TiDBer_HJLsvyxd · 2022 年5 月 25 日 08:24

页面打不开啊

TiDBer_HJLsvyxd · 2022 年5 月 25 日 08:30

场景是这样：
我这里有5个IP的mysql数据库和 10个IP的mysql数据库
一共15个源
其中 5个IP的mysql数据库中，做了分库分表，每个IP上面10个分库10个分表，一共50个分库50个分表
其中10个IP的mysql数据库中，也做了分库分表，每个IP上面10个分库10个分表，一共100个分库，100个分表

我现在要做分库分表的实时同步，使用TIDB DM工具。
其中 50个分库50个分表那个，我一共配置了17个同步任务，每张表对应一个配置文件
100个分库100个分表的那个，我配置了9个同步任务，每张表对应一个配置文件
昨天下午18:00的时候，一切都是好的。在 DM可视化监控界面上，可以看到运行中的任务数 175个

然后今天凌晨1点左右收到了告警，具体看了一下，是某一个任务， binlog同步落后了

今天白天的时候，反复搞，最终发现，我把任务停止后，要再次启动，就非常困难了。大概只能启动60个任务，之后就会提示 RawCause: context deadline exceeded"
重新启动那个binlog落后的任务，我看worker日志里，也是有出现 RawCause: context deadline exceeded"的字眼

TiDBer_HJLsvyxd · 2022 年5 月 25 日 08:33

现在是我们使用TIDB DM的测试阶段，如果稳定运行一个月没问题，我们就正式用了。
我不想把dm_meta表都删除重新弄，就是想通过运行期间出现过的一些故障，来快速演练一下故障恢复。
毕竟我们想把DM用来做业务库实时同步到TIDB，后续用来做实时数仓的ODS层。
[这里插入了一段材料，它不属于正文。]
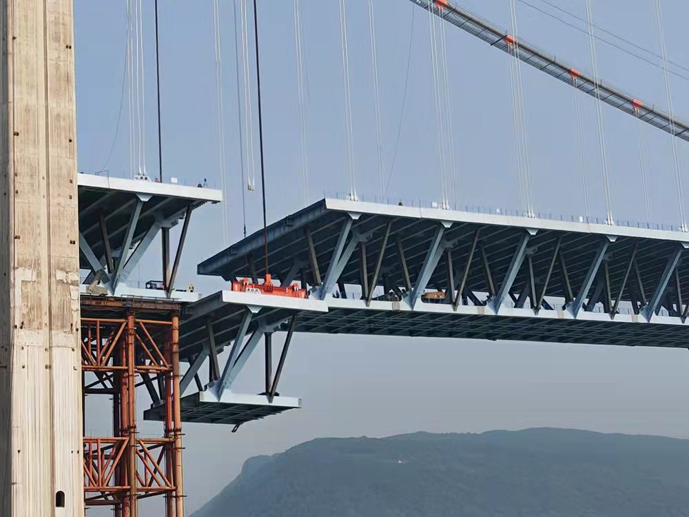 在大橋建造關(guān)鍵技術(shù)上,作為大跨徑公軌兩用橋梁,如何滿足軌道剛度指標(biāo)要求是橋梁設(shè)計的重點,更是難點。招商交科設(shè)計項目組根據(jù)橋位處實際地形條件,經(jīng)過多方案比選及論證,創(chuàng)新性提出采用“單孔懸吊雙塔三跨連續(xù)”的結(jié)構(gòu)體系,在不增加橋梁造價的前提下,巧妙解決了軌道剛度要求高等技術(shù)難題,使公軌兩用橋采用大跨度懸索橋成為可能,為類似工程的設(shè)計提供了寶貴經(jīng)驗。
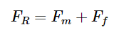 La force résultante en x est la somme des forces en x appliquées à l'objet. Dans notre situation, on a deux forces, la force de frottement et la force motrice :
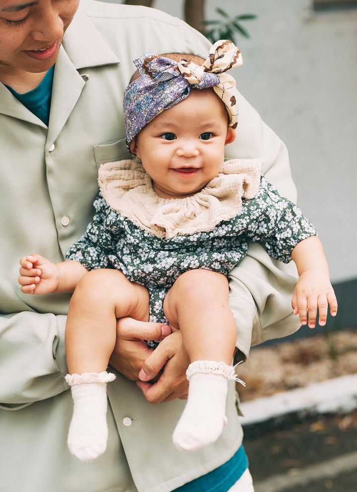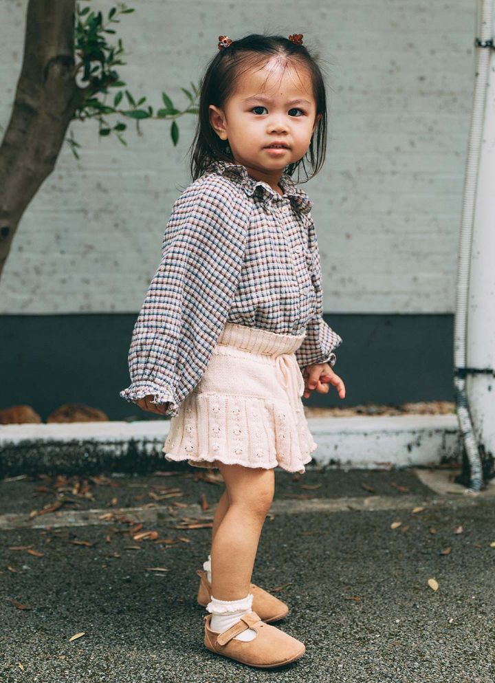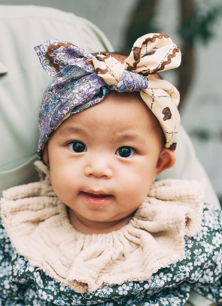プチプラ「しまむら』のスカーフをひと巻、フリルスタイで一気に華やかな装いに。ベビーならではのスタイリングが楽しいスタイリング!
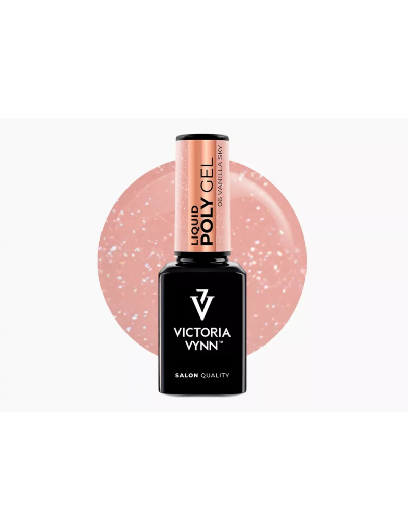 LIQUID POLY GEL 06 Vanilla Sky to płynny akrylożel w kolorze różu ze złotymi drobinkami. Łączy on wytrzymałość akrylu z lekkością żelu, a samopoziomująca płynna formuła w butelce idealnie sprawdzi się do szybkiej nadbudowy, przedłużenia paznokci i metody bez piłowania "One Drop".
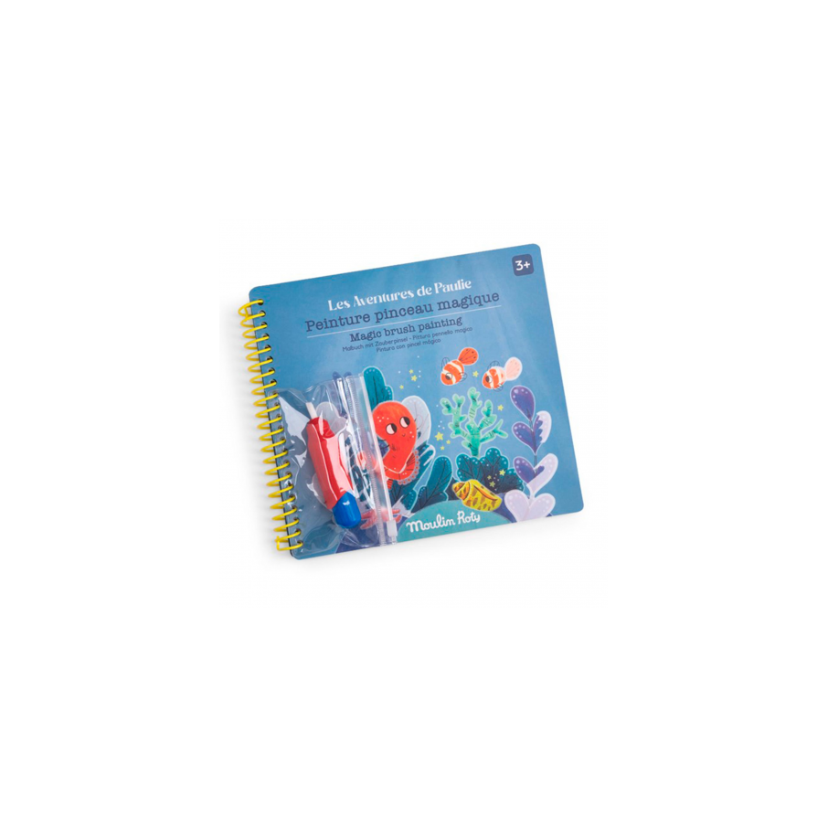 ¿Nunca has pensado que los pintores hacen magia? Pues esa misma magia es la que puedes experimentar cuando, al pasar el pincel por encima de las manchas blancas, ves aparecer los dibujos a color. El cuaderno contiene 10 láminas para colorear y un pincel que se rellena con agua, así no hace falta ir mojándolo en un bote constantemente. Cuando el dibujo se seca, desaparece y puedes volver a empezar.
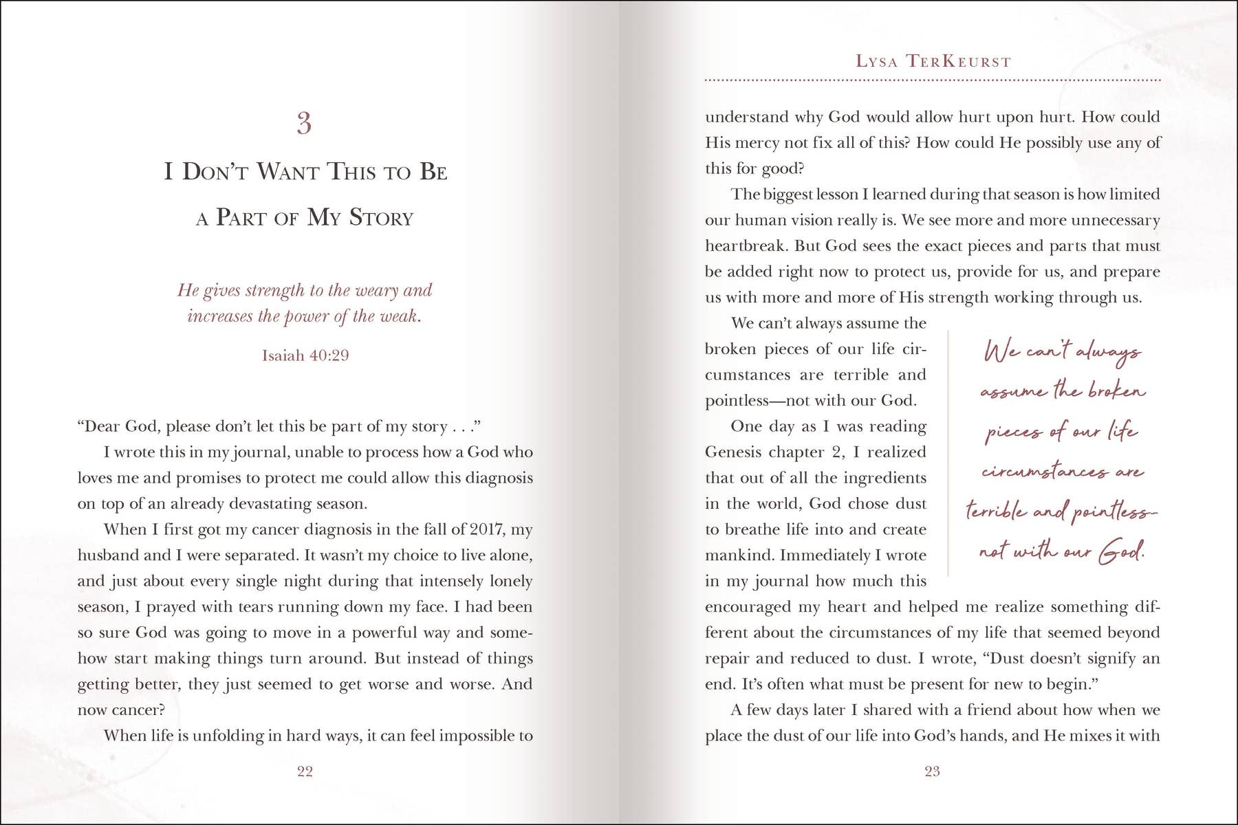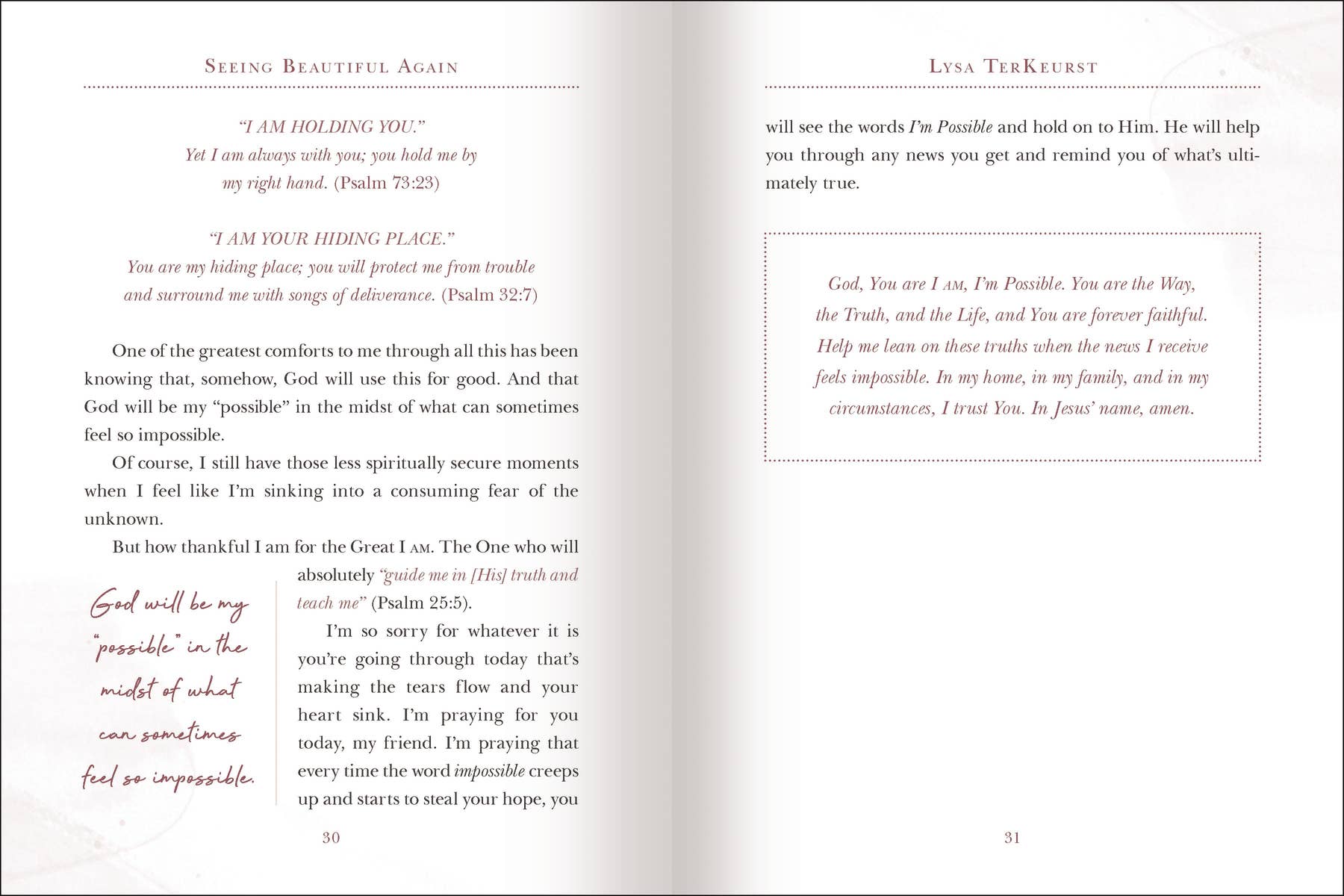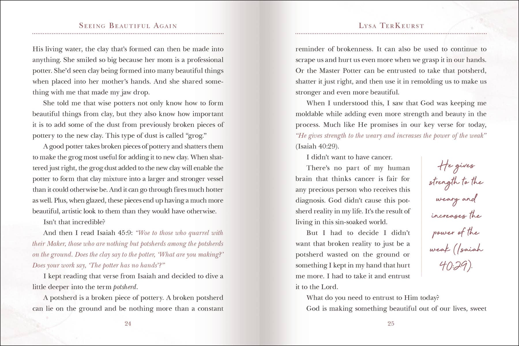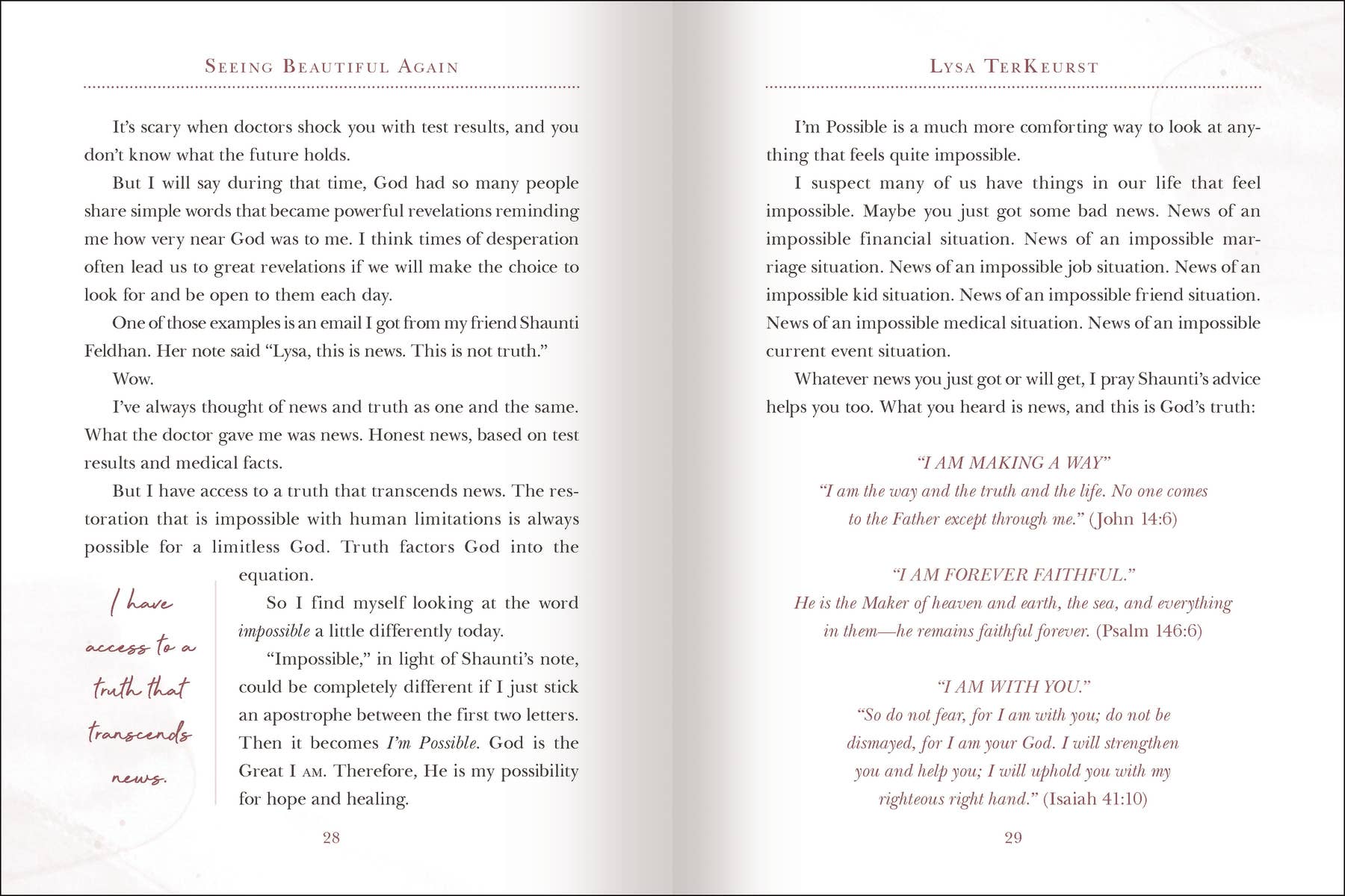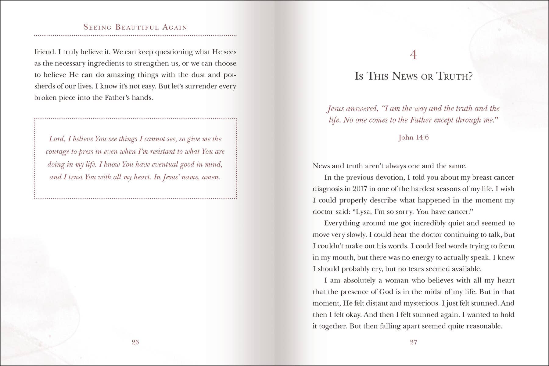 • From her personal journal and selections from her most recent books, New York Times bestselling author Lysa TerKeurst has chosen 50 devotions that are both compassionate and perspective-shifting. Seeing Beautiful Again will help you see God's goodness in the pieces of your story you didn't choose, didn't see coming, and don't know how to get past.
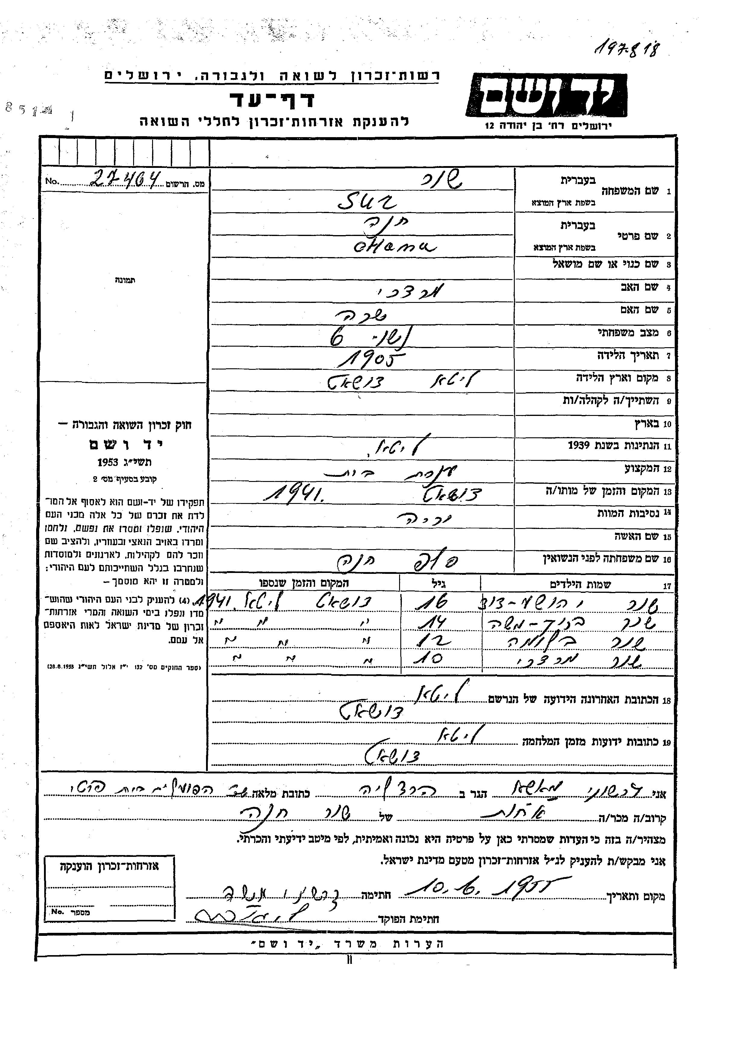 Suche nach einem Todesjahr im Zeitraum der Holocaust: 1933 bis 1945. Bitte wählen Sie 'Exakt' im Auswahlmenü, um nur nach einem einzelnen Jahr zu suchen, alternativ können Sie die flexibleren Optionen '+/- 2 Jahre' oder '+/- 5 Jahre' wählen.

因为是实时的，所以时效性要求比较高，没出故障的时候，的确很爽，同步延迟都在1秒内，但是一旦出现故障，故障如果不能快速处理的话，那么对后续的实时处理链条就会有较大影响，就不放心使用了

Billmay表妹 · 2022 年5 月 27 日 07:53

翻墙看一下~

buchuitoudegou · 2022 年5 月 27 日 08:23

这里显示 connection error，是数据库连接的问题，可以看下：

每个 dmworker 所在的物理机是否能连上 TiDB
在 TiDB 上检查 max_connections 变量，以及 show processlist 查看同步过程中，该 TiDB 实例消耗的连接数，连接数耗尽也可能出现这样的问题（大量的任务会占用大量的连接）
您的上游分表不知道是否存在 primary key，在没有主键的情况下，dm 会把所有列作为条件连接到一起，以准确定位到您修改的行。这种情况下很有可能让 TiDB 执行延迟太大，导致 DM 的同步进度大大落后于上游
楼上提到的 issue 是多个 dml 合并到一个再进行同步时执行错误（导致无法得知是哪个 dml 错误）。根本问题还是，dml 无法成功同步到下游。

p.s. 您的日志中有业务内容，请谨慎分享。

system · 2022 年10 月 31 日 19:19

此话题已在最后回复的 1 分钟后被自动关闭。不再允许新回复。